North Korea's Lazarus hacking group allegedly has turned back to an old service in order to launder $23 million stolen during an attack in November.
Investigators at blockchain research company Elliptic said on Friday that in the last day they had seen the funds - part of the $112.5 million stolen from the HTX cryptocurrency exchange in November - laundered through the Tornado Cash mixing service.
The use of Tornado Cash stood out to Elliptic because the service was sanctioned by U.S. authorities in August 2022, prompting Lazarus actors to turn to another mixing service called Sinbad.io.
Elliptic said it has been tracking the $112.5 million stolen from HTX since the exchange attributed the incident to Lazarus.

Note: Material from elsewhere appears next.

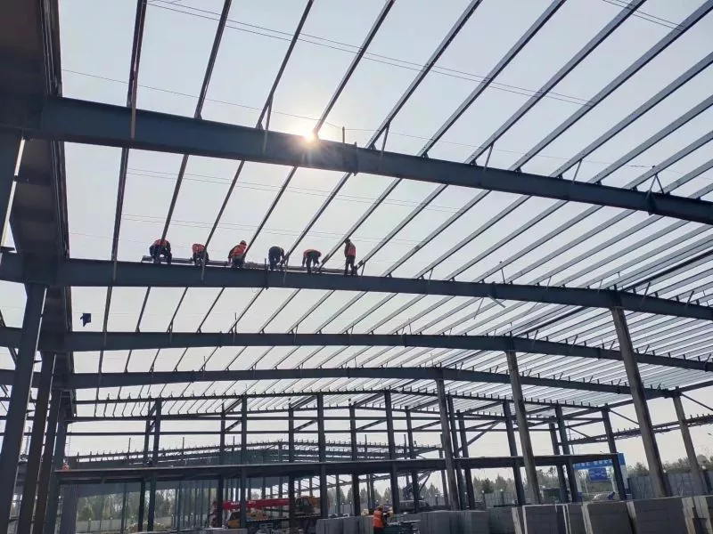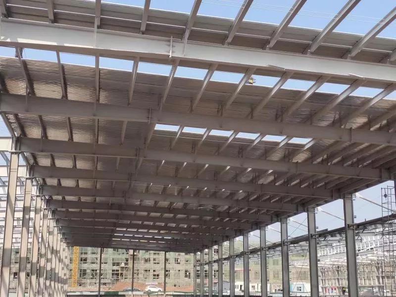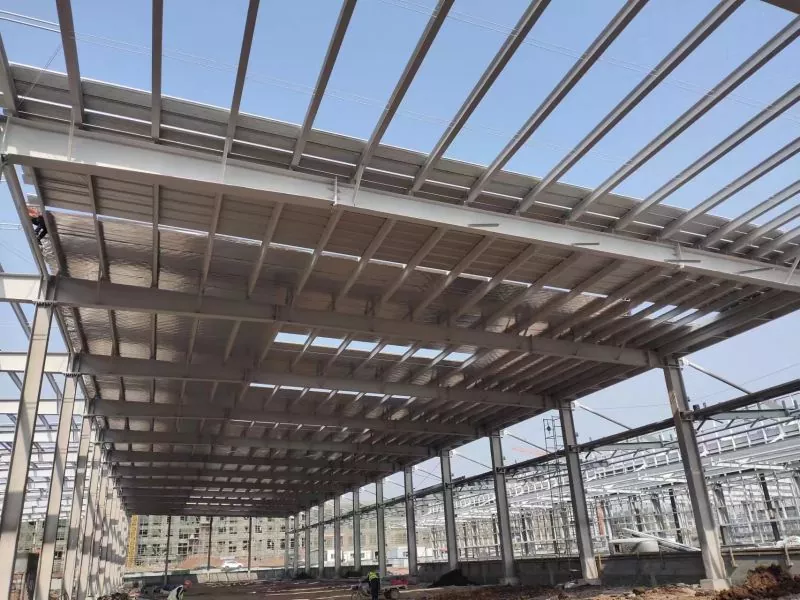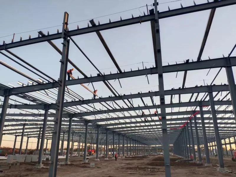 Жооп: Портал болоттон жасалган структуралык складдар, адатта, фабрикада префабрикалык камтылган, андан кийин имараттын аянтына жөнөтүлгөн. Курулуш процесси темир тосмолорун, устундарды жана чатырдын шыргыйларды түзүүнү, андан кийин дубал панелдерин орнотуу жана чатырдын үстүнө орнотуу кирет.

The funds were held without movement until March 13, when Elliptic saw some go through Tornado Cash.
Other blockchain security companies confirmed they also saw the funds move across the blockchain.
North Korean hackers have to use services like Tornado Cash and Sinbad.io in order to obfuscate the source of their stolen funds and cash out what they take during the numerous crypto hacks launched over the last three years.

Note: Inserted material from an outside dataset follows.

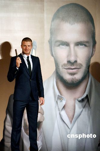 2007年11月24日,在北京嘉里中心,摩托羅拉發布MOTO RAZR V8黃金典藏版手機。貝克漢姆(David Beckham)作為其全球品牌形象大使來華展示他的最新時尚裝備。中新社發 袁方 攝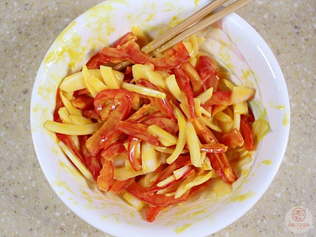 야채를 깨끗하게 씻어서 머스타드소스 넣고 버무렸어요.

The proceeds help the regime dodge international sanctions related to its weapons programs, according to the U.S. government.

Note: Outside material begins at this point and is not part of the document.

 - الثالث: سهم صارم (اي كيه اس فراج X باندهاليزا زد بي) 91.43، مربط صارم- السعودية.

According to the Treasury Department, North Korean hackers used Sinbad and its predecessor Blender.io to launder a chunk of the $100 million stolen on June 3 from customers of Atomic Wallet, as well as significant portions of the more than $620 million stolen from Axie Infinity and the $100 million taken from Horizon Bridge - two of the largest crypto thefts on record.
Researchers estimate that North Korean groups stole about $1.7 billion worth of cryptocurrency in 2022 and about $1 billion in 2023.
Lazarus Group has been operating for more than 10 years, and according to U.S. officials has stolen over $2 billion worth of cryptocurrency to help fund the North Korean government's activities - including its weapons of mass destruction and ballistic missile programs.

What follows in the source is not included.